[DATASET RECORDS Boundary: Start]

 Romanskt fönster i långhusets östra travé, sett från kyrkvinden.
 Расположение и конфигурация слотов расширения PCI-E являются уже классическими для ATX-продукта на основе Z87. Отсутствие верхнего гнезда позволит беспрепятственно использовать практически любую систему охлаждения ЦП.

[DATASET RECORDS Boundary: End]
[DATASET RECORDS Boundary: Start]

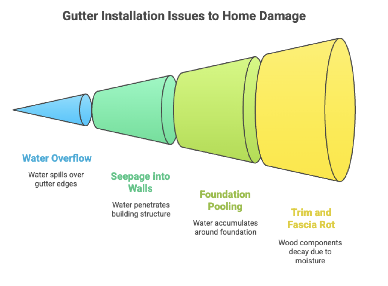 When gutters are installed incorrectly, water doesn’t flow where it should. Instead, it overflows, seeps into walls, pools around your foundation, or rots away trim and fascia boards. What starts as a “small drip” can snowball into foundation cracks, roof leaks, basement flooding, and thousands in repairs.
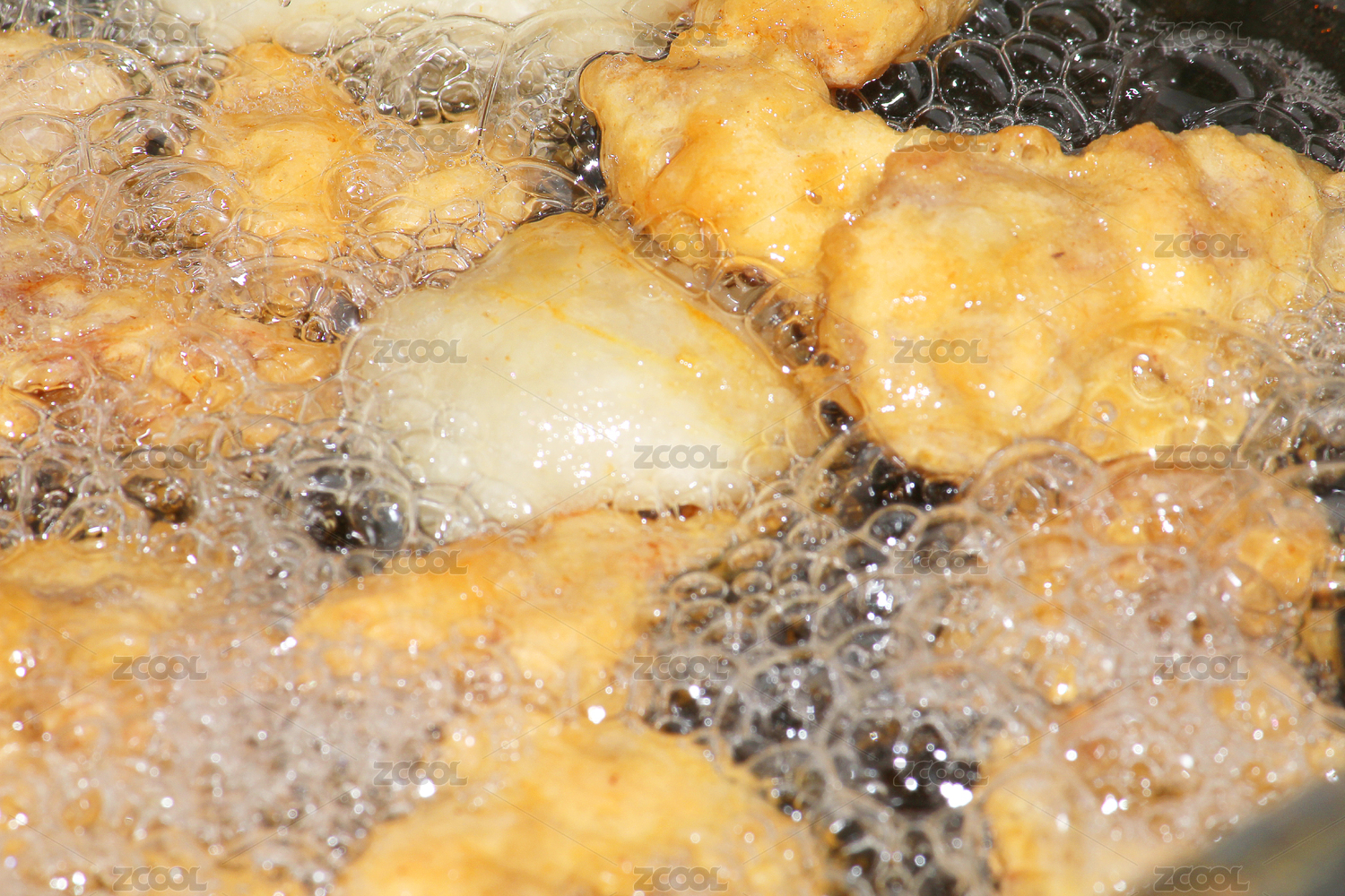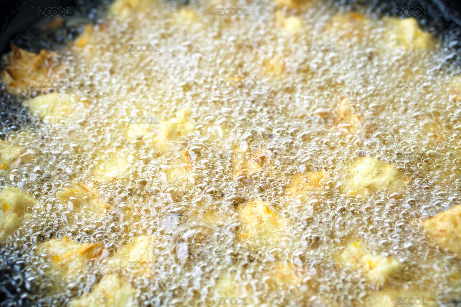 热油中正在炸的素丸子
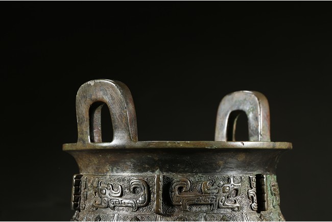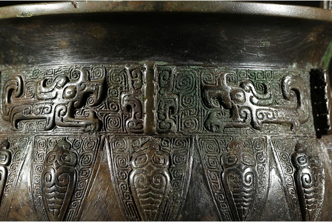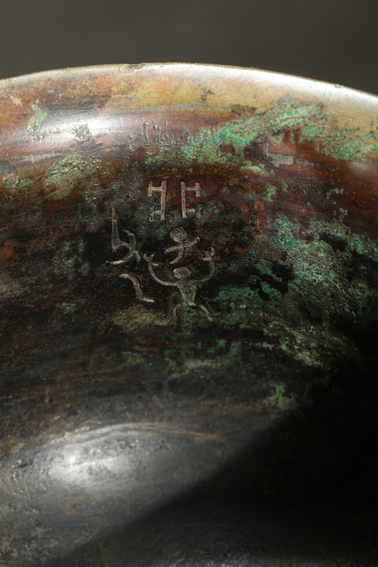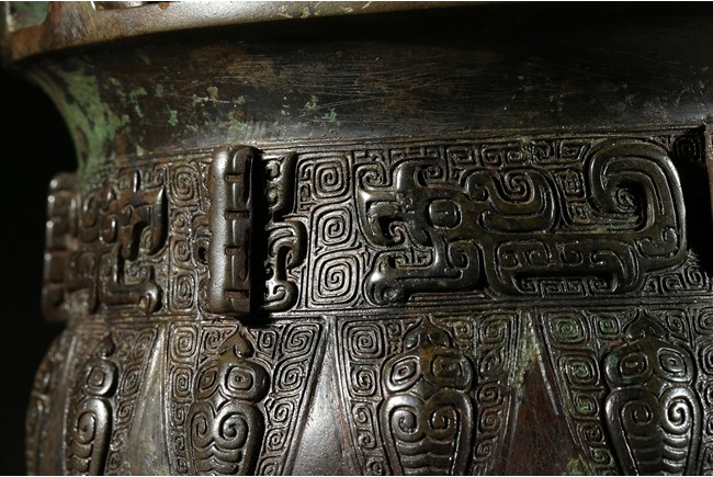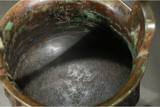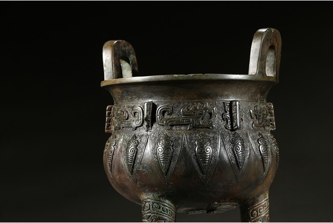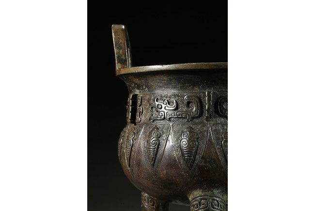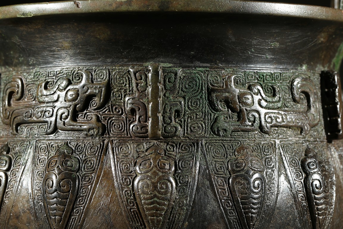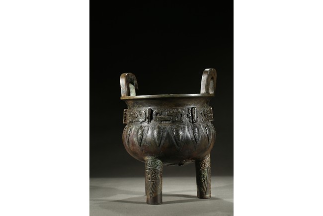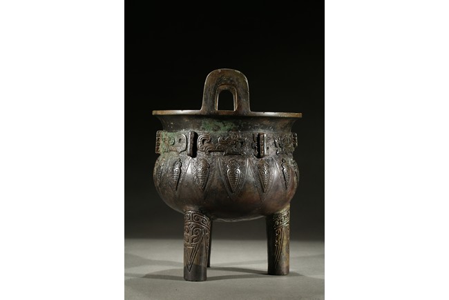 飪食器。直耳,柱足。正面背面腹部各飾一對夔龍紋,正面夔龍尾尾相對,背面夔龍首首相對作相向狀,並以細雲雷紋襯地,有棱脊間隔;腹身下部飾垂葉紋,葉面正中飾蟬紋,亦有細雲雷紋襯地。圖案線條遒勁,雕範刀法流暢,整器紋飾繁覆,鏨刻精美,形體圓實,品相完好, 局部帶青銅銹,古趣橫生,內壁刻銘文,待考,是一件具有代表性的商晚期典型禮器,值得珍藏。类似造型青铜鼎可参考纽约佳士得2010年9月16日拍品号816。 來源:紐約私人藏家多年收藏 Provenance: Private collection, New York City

[DATASET RECORDS Boundary: End]

§ YOUR INSTRUCTIONS
From the records above, copy only the lines running from the line containing "When gutters are" to the line containing "New York City", both ends included. Leave the pictures out.

§ TASK RESPONSE
 When gutters are installed incorrectly, water doesn’t flow where it should. Instead, it overflows, seeps into walls, pools around your foundation, or rots away trim and fascia boards. What starts as a “small drip” can snowball into foundation cracks, roof leaks, basement flooding, and thousands in repairs.
 热油中正在炸的素丸子
 飪食器。直耳,柱足。正面背面腹部各飾一對夔龍紋,正面夔龍尾尾相對,背面夔龍首首相對作相向狀,並以細雲雷紋襯地,有棱脊間隔;腹身下部飾垂葉紋,葉面正中飾蟬紋,亦有細雲雷紋襯地。圖案線條遒勁,雕範刀法流暢,整器紋飾繁覆,鏨刻精美,形體圓實,品相完好, 局部帶青銅銹,古趣橫生,內壁刻銘文,待考,是一件具有代表性的商晚期典型禮器,值得珍藏。类似造型青铜鼎可参考纽约佳士得2010年9月16日拍品号816。 來源:紐約私人藏家多年收藏 Provenance: Private collection, New York City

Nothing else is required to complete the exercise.